(Entries taken from a collection)
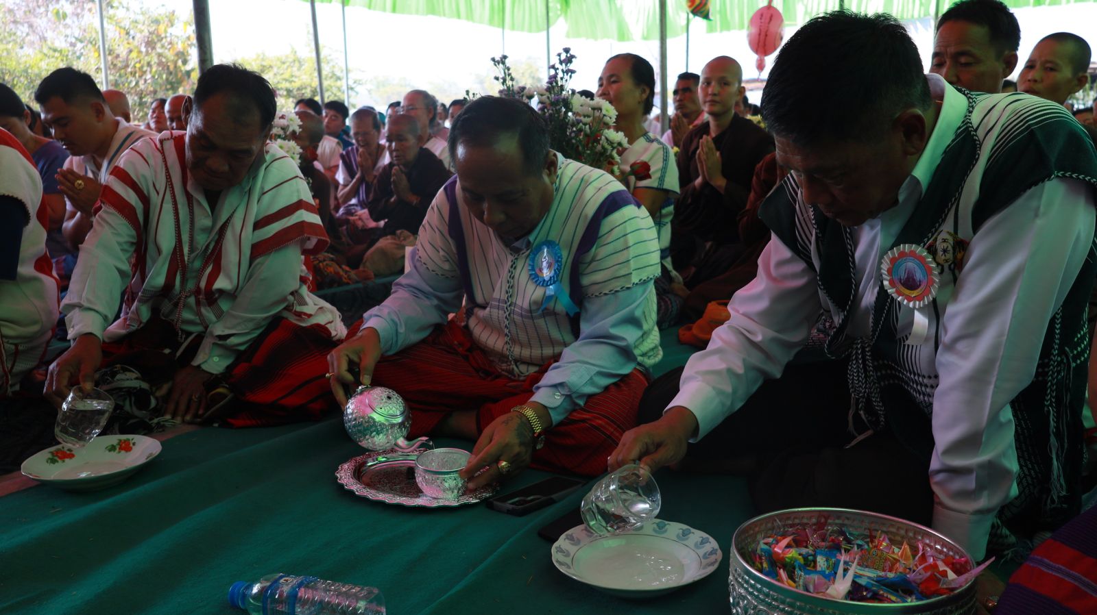 အဆိုပါထီးတော်တင်လှူခြင်း အခမ်းအနားတွင် ဒုတိယမြိုင်ကြီးငူဆရာတော်ဘဒ္ဒန္တ ဉာဏိကထံမှ ငါးပါးသီလနှင့် သာဓုအနုမောဒနာတရားနာယူပြီး ဆရာတော်သံဃာတော်အရှင်သူမြတ်တို့မှ ရွတ်ဖတ်သရဇ္ဈာယ်သော မေတ္တာသုတ်တရားတော်အား နာယူဆောက်တည်ခဲ့ကြောင်း သိရသည်.
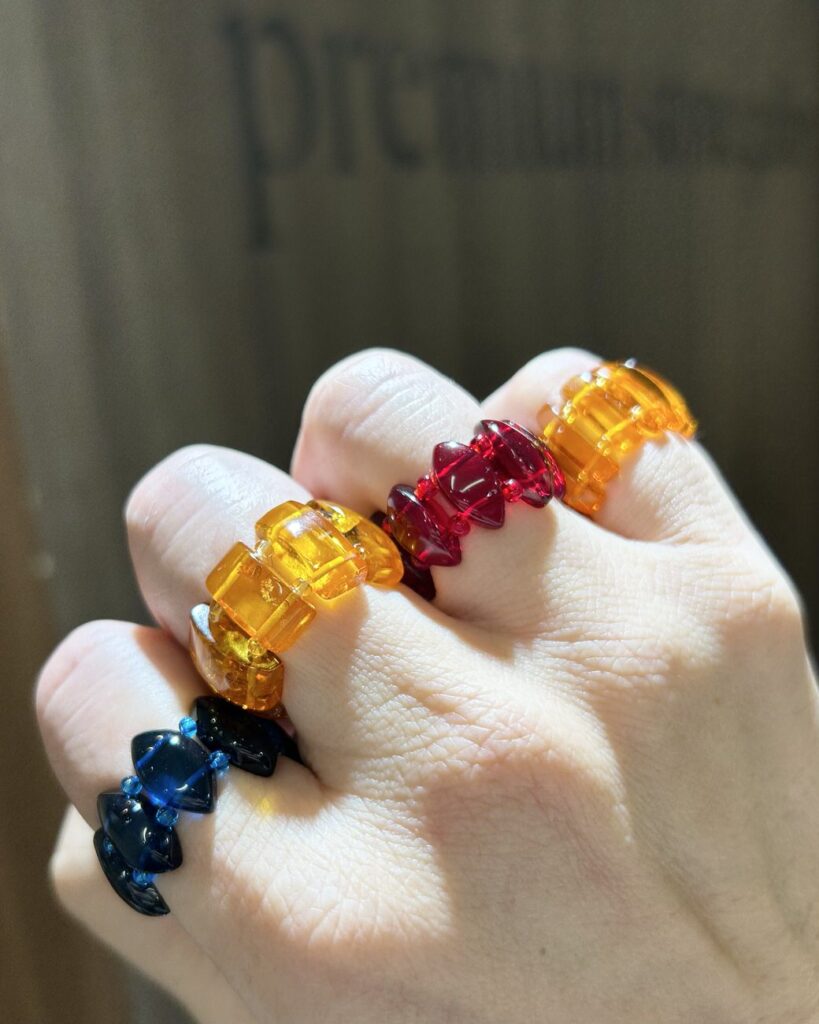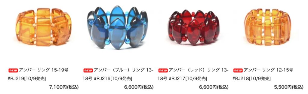 最後にご紹介するのは、リトニアアンバーで作ったビーズのリングです。カラーは3色。
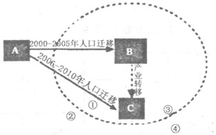 1、若图中2000~2005年人口迁移箭头为我国民工流动的主要方向,则A、B分别代表的省级行政单位可能是
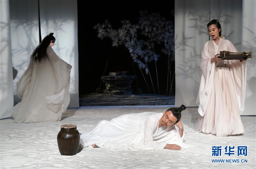 9月16日,演員在話(huà)劇《廣陵絕》中表演。 當(dāng)日,話(huà)劇《廣陵絕》在北京人藝實(shí)驗(yàn)劇場(chǎng)上演。 新華社記者 金良快 攝
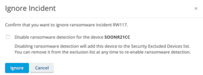 The Ransomware Incident detail page provides all the information and management tools you need to handle team security incidents detected by Workplace. Here, you can review incident details, confirm or ignore the incident, generate a report, track the incident through its lifecycle, revert affected files and export relevant information about them, review the status of affected devices, and drill to the Device Detail page for each device.
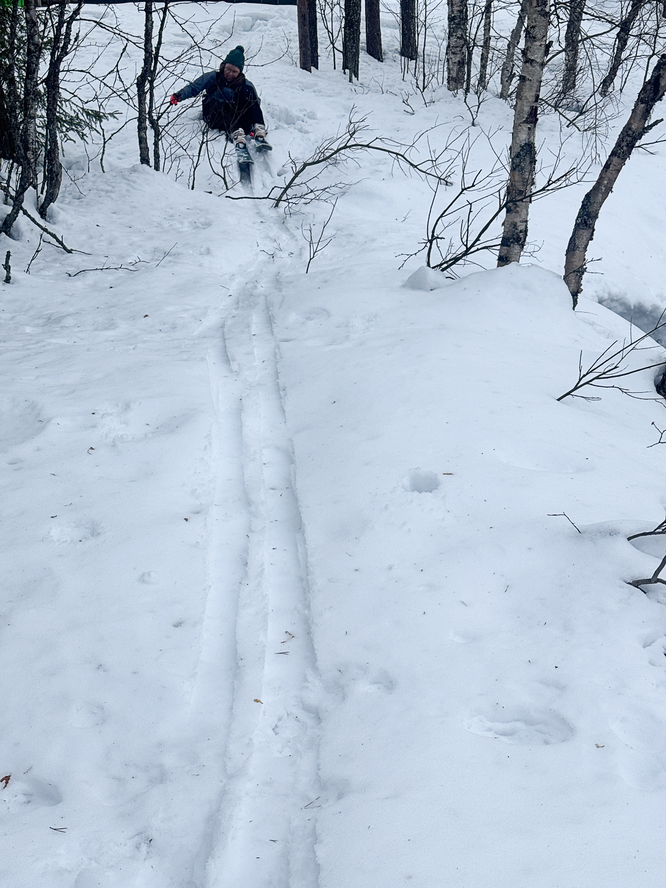 Seurailemme hiihtolatua pienen matkan rannasta eteenpäin, kunnes päätämme suunnata tien yli puiden lomaan jokivarteen. Vänttinen liukuu sulavasti pientareelta metsikköön, ja seuraan perässä samoin elkein. Sukseni kärki haukkaa lunta, horjahdan ja tuiskahdan pyllylleni.
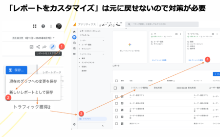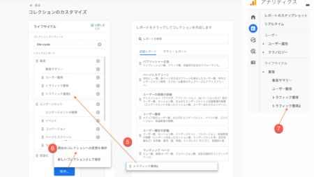 上図の手順で「新しいレポートとして保存する」を選択している理由は、「レポートをカスタマイズ」はデフォルトに戻す機能が無いからです。特に複数のユーザが閲覧するGA4アカウントでは「公式ヘルプと画面が違う!」などの社内トラブルを避けるためにも、「新しいレポートとして保存する」を選択しておかれることをお薦めします。選択したあとは、末尾に2などの番号を付与するなどして、以下の手順で左メニューに表示させておくようにされてみて下さい。
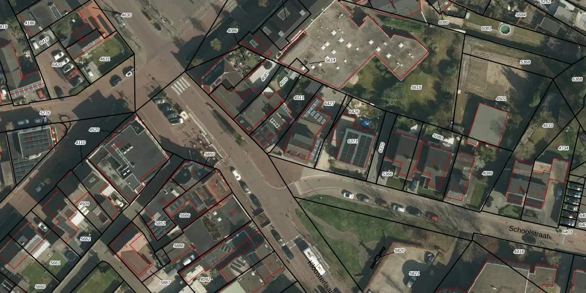 Schoolstraat 1 is gelegen op kadastraal perceel SVD00B6427. Deze kadastrale aanduiding is uniek en wordt gebruikt door het Kadaster om eigendomsrechten en andere zakelijke rechten vast te leggen. Het perceel maakt onderdeel uit van de kadastrale gemeente Schinveld.
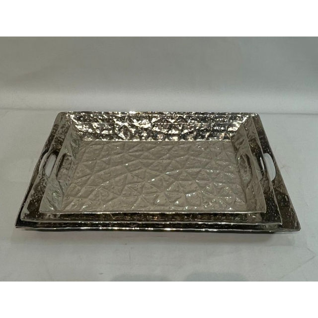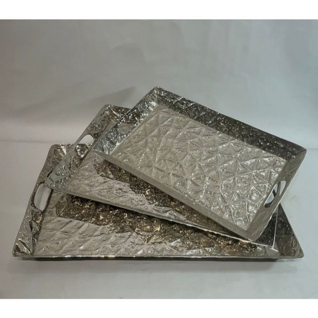 Best Quality Elegant Hammered Silver Serving Tray Set Handles luxurious stylish home decor wholesale price
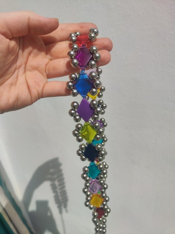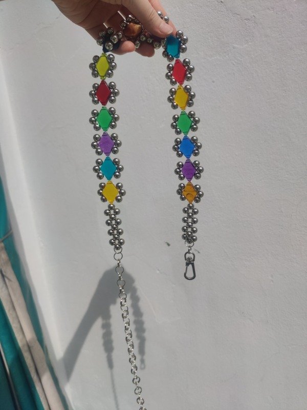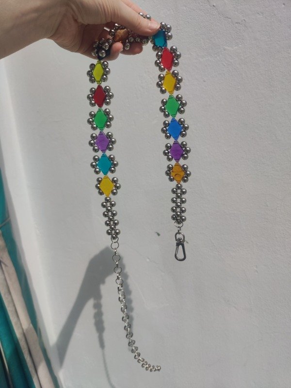 Cinturón Hecho a mano único, con cuentas plateadas y rombos de plástico de colores. Cuenta con un mosquetón grande y cadena para ajustar a medida. Tiene 85cm de largo.
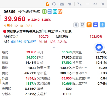 华盛资讯12月10日讯,长飞光纤光缆快速拉升,大涨超5%,盘初一度大跌逾6%,随后强势冲高,截至发稿,涨5.38%,报39.96港元,成交额超13亿港元。
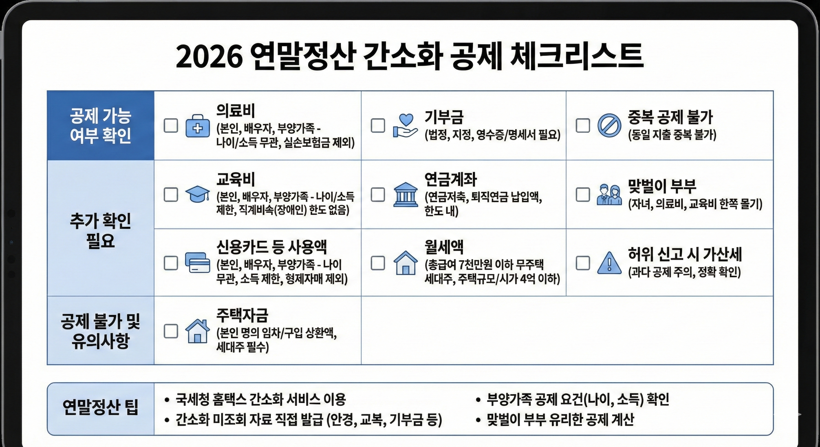2026 연말정산을 준비할 때 가장 많이 검색하는 키워드는 연말정산, 연말정산 간소화, 홈택스, 환급금, 소득공제, 세액공제입니다.
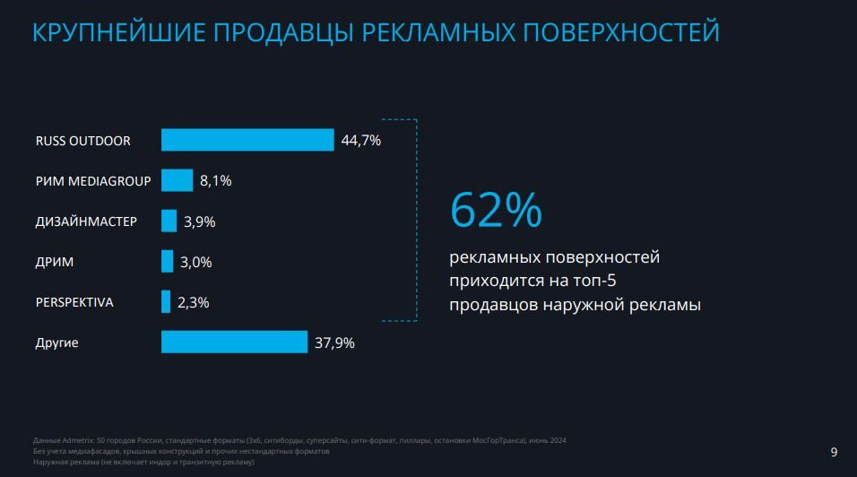 Рынок наружной рекламы продолжает консолидироваться. На пять крупнейших продавцов приходится 62% рекламных поверхностей. Среди них RUSS, «РИМ МEDIAGROUP», «ДИЗАЙНМАСТЕР», «ДРИМ» и PERSPEKTIVA. Большая часть рынка по-прежнему фрагментирована, что усиливает потребность в стандартизации.

#### Task to carry out
Going by the data above, the answer is exactly the lines from the one holding "上図の手順で「新しいレポート" to the one holding "华盛资讯12月10日讯,长飞", both kept, with the pictures left out.

#### Response box
 上図の手順で「新しいレポートとして保存する」を選択している理由は、「レポートをカスタマイズ」はデフォルトに戻す機能が無いからです。特に複数のユーザが閲覧するGA4アカウントでは「公式ヘルプと画面が違う!」などの社内トラブルを避けるためにも、「新しいレポートとして保存する」を選択しておかれることをお薦めします。選択したあとは、末尾に2などの番号を付与するなどして、以下の手順で左メニューに表示させておくようにされてみて下さい。
 Schoolstraat 1 is gelegen op kadastraal perceel SVD00B6427. Deze kadastrale aanduiding is uniek en wordt gebruikt door het Kadaster om eigendomsrechten en andere zakelijke rechten vast te leggen. Het perceel maakt onderdeel uit van de kadastrale gemeente Schinveld.
 Best Quality Elegant Hammered Silver Serving Tray Set Handles luxurious stylish home decor wholesale price
 Cinturón Hecho a mano único, con cuentas plateadas y rombos de plástico de colores. Cuenta con un mosquetón grande y cadena para ajustar a medida. Tiene 85cm de largo.
 华盛资讯12月10日讯,长飞光纤光缆快速拉升,大涨超5%,盘初一度大跌逾6%,随后强势冲高,截至发稿,涨5.38%,报39.96港元,成交额超13亿港元。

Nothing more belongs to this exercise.